Confusion et inquiétude avant la reprise de l'école
Dans la vallée, les personnels de l'éducation et les municipalités tâchent d'organiser tant bien que mal une reprise des cours dans des conditions chaotiques...
« De la folie », « des règles terribles », « une situation complètement ingérable », « de la maltraitance »... Le moins que l'on puisse dire, c'est qu'il faut se lever de bon matin pour trouver dans la vallée un enseignant qui aborde la reprise de l'école avec sérénité. Le dimanche 3 mai, les directeurs et directrices d'établissement ont en effet reçu de leur Inspection académique un « protocole sanitaire » relatif à « la réouverture et au fonctionnement des écoles maternelles et élémentaires », deux mois après la fermeture des classes pour cause d'épidémie de Covid-19. Un document de 54 pages qui leur a donné des sueurs froides, en précisant les dispositions qu'ils devront prendre pour accueillir leurs élèves, à partir du lundi 11 mai, « dans le respect des prescriptions émises par les autorités sanitaires ». Depuis la réception de cet épais document, enseignants, élus, agents municipaux et parents d'élèves se démènent pour adapter ces injonctions ministérielles aux réalités locales.

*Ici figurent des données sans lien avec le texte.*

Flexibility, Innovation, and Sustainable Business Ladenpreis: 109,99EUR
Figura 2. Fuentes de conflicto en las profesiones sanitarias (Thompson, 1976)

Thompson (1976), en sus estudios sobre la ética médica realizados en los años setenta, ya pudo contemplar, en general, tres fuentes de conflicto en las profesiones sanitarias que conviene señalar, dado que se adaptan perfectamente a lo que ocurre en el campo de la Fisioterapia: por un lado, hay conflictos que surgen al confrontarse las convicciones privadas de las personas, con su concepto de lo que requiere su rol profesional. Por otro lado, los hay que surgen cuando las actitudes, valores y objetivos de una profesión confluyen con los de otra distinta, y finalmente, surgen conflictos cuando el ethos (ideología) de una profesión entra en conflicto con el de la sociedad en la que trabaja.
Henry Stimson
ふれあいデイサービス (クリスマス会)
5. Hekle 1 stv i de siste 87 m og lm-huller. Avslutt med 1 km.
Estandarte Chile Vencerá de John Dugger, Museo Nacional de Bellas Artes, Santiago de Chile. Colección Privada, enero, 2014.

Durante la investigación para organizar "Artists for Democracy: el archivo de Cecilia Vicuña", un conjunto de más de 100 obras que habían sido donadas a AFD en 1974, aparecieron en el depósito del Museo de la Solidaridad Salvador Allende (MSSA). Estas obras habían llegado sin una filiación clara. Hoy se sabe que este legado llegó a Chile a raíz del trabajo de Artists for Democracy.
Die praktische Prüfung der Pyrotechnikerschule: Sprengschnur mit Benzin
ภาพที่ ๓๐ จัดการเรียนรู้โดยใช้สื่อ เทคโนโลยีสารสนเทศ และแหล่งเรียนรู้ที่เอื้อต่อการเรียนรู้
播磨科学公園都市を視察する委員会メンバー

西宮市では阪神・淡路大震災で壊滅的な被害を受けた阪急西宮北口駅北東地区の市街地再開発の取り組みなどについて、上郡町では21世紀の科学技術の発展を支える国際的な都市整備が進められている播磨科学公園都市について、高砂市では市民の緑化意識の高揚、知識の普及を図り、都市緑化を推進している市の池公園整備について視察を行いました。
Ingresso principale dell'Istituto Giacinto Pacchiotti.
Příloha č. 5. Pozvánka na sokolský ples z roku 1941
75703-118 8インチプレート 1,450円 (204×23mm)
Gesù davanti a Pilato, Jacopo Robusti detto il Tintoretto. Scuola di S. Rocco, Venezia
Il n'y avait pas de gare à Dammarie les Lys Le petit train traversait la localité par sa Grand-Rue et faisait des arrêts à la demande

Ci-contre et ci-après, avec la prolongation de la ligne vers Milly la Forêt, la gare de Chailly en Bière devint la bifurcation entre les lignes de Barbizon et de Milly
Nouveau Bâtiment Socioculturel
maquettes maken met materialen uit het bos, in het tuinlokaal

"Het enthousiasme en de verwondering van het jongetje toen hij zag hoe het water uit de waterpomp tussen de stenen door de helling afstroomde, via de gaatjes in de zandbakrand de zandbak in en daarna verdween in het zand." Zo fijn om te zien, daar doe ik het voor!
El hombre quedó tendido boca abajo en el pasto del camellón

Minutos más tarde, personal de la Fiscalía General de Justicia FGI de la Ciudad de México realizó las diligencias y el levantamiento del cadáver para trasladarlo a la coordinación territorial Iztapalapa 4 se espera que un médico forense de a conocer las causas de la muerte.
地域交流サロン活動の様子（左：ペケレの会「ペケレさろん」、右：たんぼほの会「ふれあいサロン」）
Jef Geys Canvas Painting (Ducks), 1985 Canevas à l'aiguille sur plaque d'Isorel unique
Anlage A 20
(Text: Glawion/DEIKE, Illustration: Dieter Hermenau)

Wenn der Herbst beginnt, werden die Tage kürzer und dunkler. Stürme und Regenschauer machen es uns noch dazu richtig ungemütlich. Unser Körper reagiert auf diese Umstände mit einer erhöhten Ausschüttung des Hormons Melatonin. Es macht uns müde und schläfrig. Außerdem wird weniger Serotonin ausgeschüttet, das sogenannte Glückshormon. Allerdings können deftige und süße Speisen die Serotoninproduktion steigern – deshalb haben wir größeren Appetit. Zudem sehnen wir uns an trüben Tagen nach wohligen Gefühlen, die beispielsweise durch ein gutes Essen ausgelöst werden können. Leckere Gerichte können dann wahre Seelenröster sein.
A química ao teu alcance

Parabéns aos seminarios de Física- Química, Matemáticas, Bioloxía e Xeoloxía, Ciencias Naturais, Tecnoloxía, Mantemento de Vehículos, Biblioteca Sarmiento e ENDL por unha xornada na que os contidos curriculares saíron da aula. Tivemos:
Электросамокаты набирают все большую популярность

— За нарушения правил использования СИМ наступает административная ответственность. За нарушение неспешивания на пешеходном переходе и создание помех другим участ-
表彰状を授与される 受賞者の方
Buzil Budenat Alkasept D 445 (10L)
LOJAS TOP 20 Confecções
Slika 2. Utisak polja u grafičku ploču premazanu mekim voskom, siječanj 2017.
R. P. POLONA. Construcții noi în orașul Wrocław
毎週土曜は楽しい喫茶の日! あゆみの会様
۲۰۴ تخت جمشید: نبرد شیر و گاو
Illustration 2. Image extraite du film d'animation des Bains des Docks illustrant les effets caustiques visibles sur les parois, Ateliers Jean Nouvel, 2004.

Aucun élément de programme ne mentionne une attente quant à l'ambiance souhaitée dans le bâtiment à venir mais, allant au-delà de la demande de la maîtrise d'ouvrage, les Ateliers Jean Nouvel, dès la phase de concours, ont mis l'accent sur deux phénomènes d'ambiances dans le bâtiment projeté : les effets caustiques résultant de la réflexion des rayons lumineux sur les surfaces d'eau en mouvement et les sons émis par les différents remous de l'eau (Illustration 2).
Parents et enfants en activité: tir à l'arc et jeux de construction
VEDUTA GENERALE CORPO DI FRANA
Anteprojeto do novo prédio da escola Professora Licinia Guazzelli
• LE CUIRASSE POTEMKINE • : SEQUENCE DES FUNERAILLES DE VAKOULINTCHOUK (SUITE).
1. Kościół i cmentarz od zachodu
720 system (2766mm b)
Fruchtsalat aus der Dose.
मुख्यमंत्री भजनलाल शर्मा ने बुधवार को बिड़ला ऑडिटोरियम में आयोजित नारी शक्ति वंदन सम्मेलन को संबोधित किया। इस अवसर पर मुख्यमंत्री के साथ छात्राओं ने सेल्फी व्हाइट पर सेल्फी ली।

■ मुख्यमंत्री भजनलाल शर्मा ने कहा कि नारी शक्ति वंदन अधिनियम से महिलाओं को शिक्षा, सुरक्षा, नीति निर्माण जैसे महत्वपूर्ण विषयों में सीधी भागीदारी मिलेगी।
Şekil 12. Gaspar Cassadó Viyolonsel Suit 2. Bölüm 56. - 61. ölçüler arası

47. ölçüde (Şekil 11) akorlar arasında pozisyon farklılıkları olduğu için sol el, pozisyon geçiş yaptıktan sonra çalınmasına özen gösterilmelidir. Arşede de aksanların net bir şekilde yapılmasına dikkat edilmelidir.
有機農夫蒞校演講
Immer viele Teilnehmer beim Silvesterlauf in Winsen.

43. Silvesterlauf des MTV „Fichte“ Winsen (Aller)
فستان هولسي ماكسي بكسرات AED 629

« C'est une usine à gaz ! », regrette Jean Beaufort, le directeur de l'école élémentaire de Mirabel-et-Blacons. Les règles imposées sont terribles : il faudra maintenir une distance d'un mètre entre chaque personne, sans aucun contact physique, les élèves seront installés chacun à un bureau sans autorisation d'en bouger, ils ne pourront pas jouer ensemble, pas se toucher, ni se prêter d'objet. Si l'un d'entre eux touche un livre, il faudra attendre cinq jours avant qu'un autre ne puisse le feuilleter... » Encore abasourdi, l'enseignant n'en finit plus de lister des règles draconiennes, confinant parfois à l'absurde : « Pour les activités sportives, la distanciation devra être de 5 mètres, et de 10 mètres pour les activités essoufflantes ! » Avant de conclure : « L'école telle qu'elle va fonctionner à partir de la semaine prochaine ne sera plus une école, ça va être de la garderie. Cette reprise se fait au profit des parents, pas des enfants. »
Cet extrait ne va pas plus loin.